Excerpts from a dataset:
____

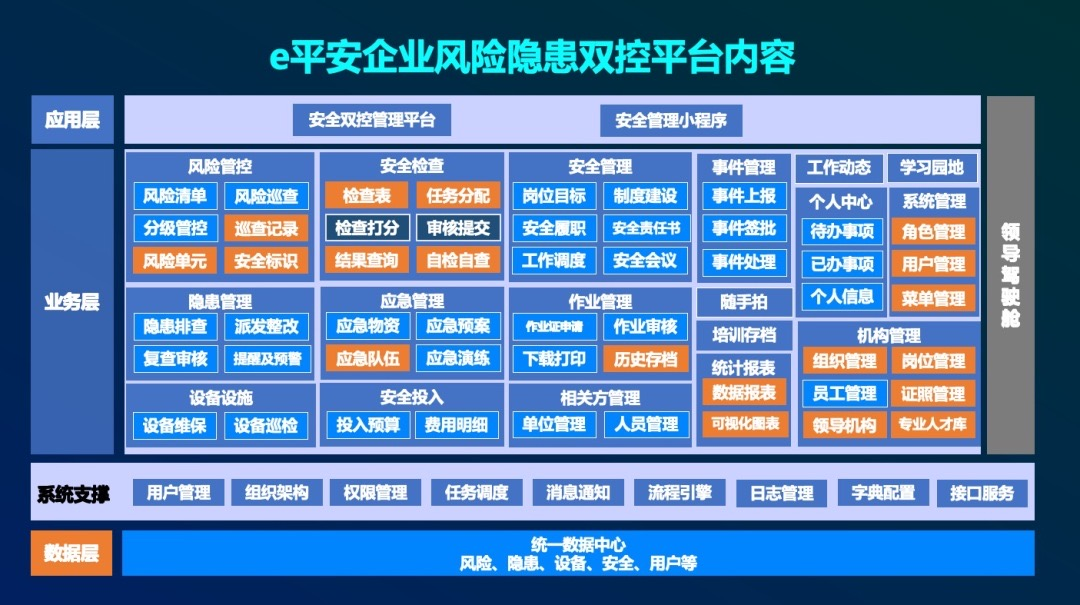 “e平安”企業風險隱患雙控管理項目充分應用互聯網、大數據分析等新技術,涵蓋新聞動態、工作通知、安全通報、安全知識、法律法規、智能安全設備監控等內容。利用移動辦公技術,通過便捷化流程指引、專業化數據支撐,實現企業日常安全高效自主管理,助力企業持續提升安全管理水平、全面提升安全管理工作效率,數字化展現安全生產管理成果,為企業的發展保駕護航。
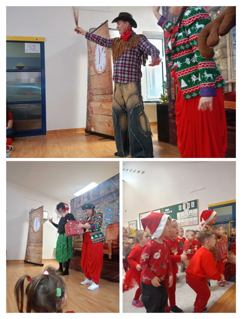 W grudniowej, świątecznej atmosferze dzieci miały okazję obejrzeć teatrzyk o Świętym Mikołaju. Barwne postacie, ciekawa fabuła oraz wesoła muzyka wzbudziły duże zainteresowanie wśród przedszkolaków. Po przedstawieniu dzieci spotkały się z Mikołajem, który przygotował dla nich miłe niespodzianki. Był to dzień pełen uśmiechów, radości, pozytywnych emocji oraz niezapomnianych wrażeń.
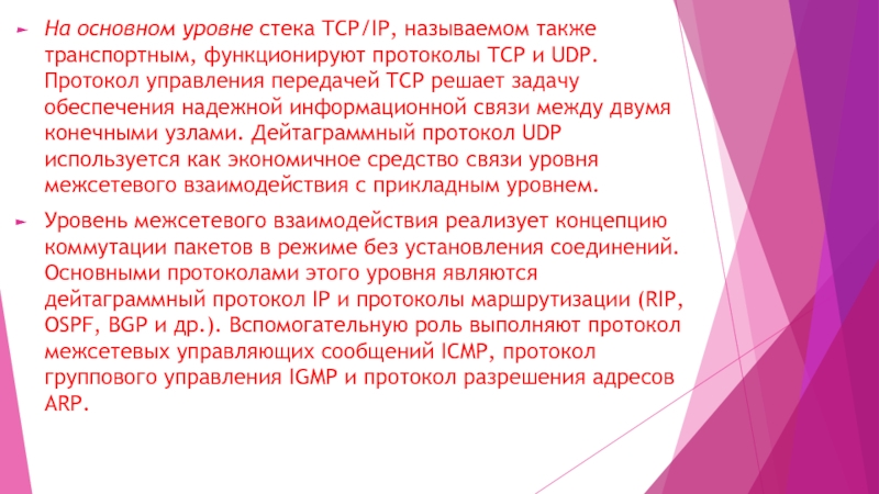 Слайд 37На основном уровне стека TCP/IP, называемом также транспортным, функционируют протоколы
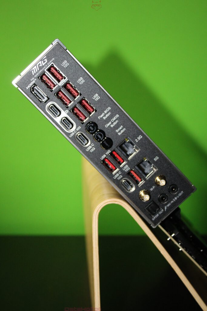 The rear panel includes two USB4 Type-C ports alongside several 10 Gbps USB ports. Clear labeling directly on the I/O shield is a practical advantage, eliminating guesswork in everyday use.
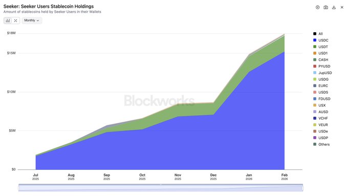 Seeker users continue to add to their stablecoin holdings. Their stablecoin holdings increased by 18% MoM from $14.9 million in January to $17.6 million by the end of February.
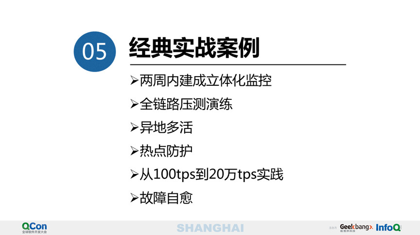 具体技术包括高可用设计技巧,高伸缩性设计思路,弹性的流量和资源控制,异地多活,全链路压测,消除数据瓶颈与单点,热点追踪与防护,故障自愈,账务系统之大账户瓶颈解决方案,以及未来怎么实现机器人自动巡检和自动修复等实战经验分享。
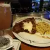 My husband had chicken fried steak and I had fried chicken strips and fried shrimp. Salads were good as usual. Their ranch dressing was great. I was shocked at the price on their mojitos either it wasn't listed or I didn't see the price. They were good but not worth $9.50 each. Other than that, no complaints. Good service as usual.
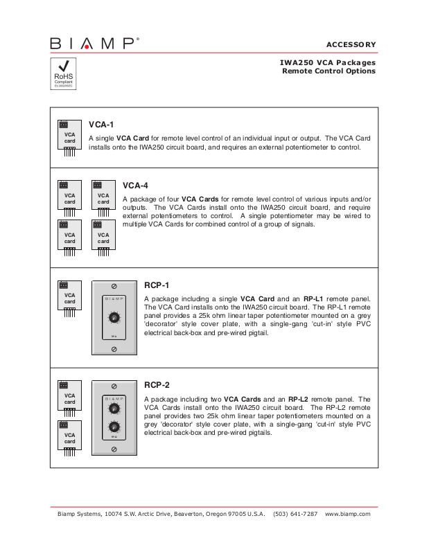 outputs. The VCA Cards install onto the IWA250 circuit board, and require
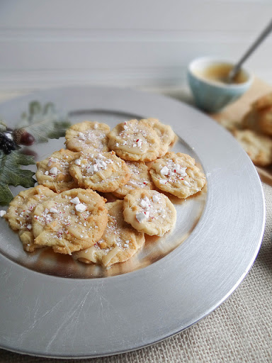 Drizzle cooled cookies with white chocolate or dip the tops of the cookies directly in to the chocolate- sprinkle with crushed candy canes and drizzle with additional white chocolate if desired.
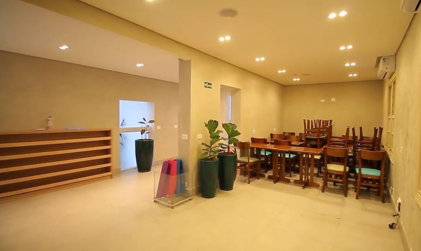 No térreo, temos um salão amplo, cozinha de apoio e banheiro com acessibilidade.
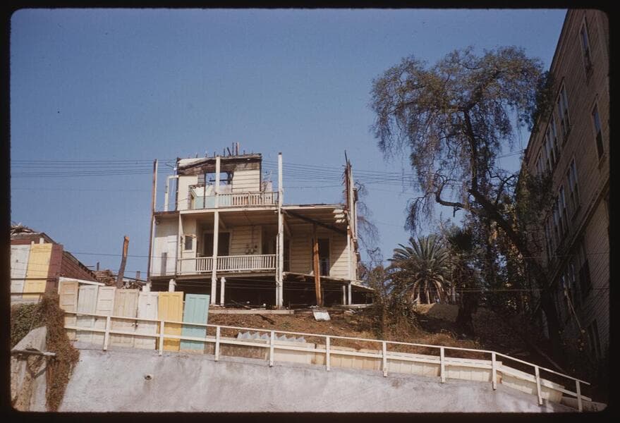 This collection consists of 35mm Kodachrome slides taken between 1954 and 1972. This collection of photographs taken by amateur photographer Palmer Conner documents by street the physical and social changes of Bunker Hill during the earliest stages of redevelopment. The collection is particularly strong in its depiction of the Bunker Hill neighborhood of downtown Los Angeles during redevelopment in the 1950s. Images chiefly consist of views of commercial and residential building exteriors taken from the street, including images of both new construction and older buildings in the process of being demolished.
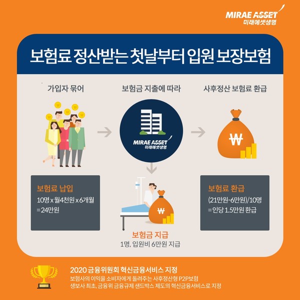 미래에셋생명은 지난 2월 사후정산형 건강보험 콘셉트를 금융위에 제안했고, 생보사 최초로 혁신금융서비스로 지정됐다.

____

## [WHAT IS REQUIRED]
The reply should hold only the lines running from the top of the records to the line containing "outputs. The VCA", both included, copied exactly with no pictures.

## [RESPONSE TO THE TASK]
 “e平安”企業風險隱患雙控管理項目充分應用互聯網、大數據分析等新技術,涵蓋新聞動態、工作通知、安全通報、安全知識、法律法規、智能安全設備監控等內容。利用移動辦公技術,通過便捷化流程指引、專業化數據支撐,實現企業日常安全高效自主管理,助力企業持續提升安全管理水平、全面提升安全管理工作效率,數字化展現安全生產管理成果,為企業的發展保駕護航。
 W grudniowej, świątecznej atmosferze dzieci miały okazję obejrzeć teatrzyk o Świętym Mikołaju. Barwne postacie, ciekawa fabuła oraz wesoła muzyka wzbudziły duże zainteresowanie wśród przedszkolaków. Po przedstawieniu dzieci spotkały się z Mikołajem, który przygotował dla nich miłe niespodzianki. Był to dzień pełen uśmiechów, radości, pozytywnych emocji oraz niezapomnianych wrażeń.
 Слайд 37На основном уровне стека TCP/IP, называемом также транспортным, функционируют протоколы
 The rear panel includes two USB4 Type-C ports alongside several 10 Gbps USB ports. Clear labeling directly on the I/O shield is a practical advantage, eliminating guesswork in everyday use.
 Seeker users continue to add to their stablecoin holdings. Their stablecoin holdings increased by 18% MoM from $14.9 million in January to $17.6 million by the end of February.
 具体技术包括高可用设计技巧,高伸缩性设计思路,弹性的流量和资源控制,异地多活,全链路压测,消除数据瓶颈与单点,热点追踪与防护,故障自愈,账务系统之大账户瓶颈解决方案,以及未来怎么实现机器人自动巡检和自动修复等实战经验分享。
 My husband had chicken fried steak and I had fried chicken strips and fried shrimp. Salads were good as usual. Their ranch dressing was great. I was shocked at the price on their mojitos either it wasn't listed or I didn't see the price. They were good but not worth $9.50 each. Other than that, no complaints. Good service as usual.
 outputs. The VCA Cards install onto the IWA250 circuit board, and require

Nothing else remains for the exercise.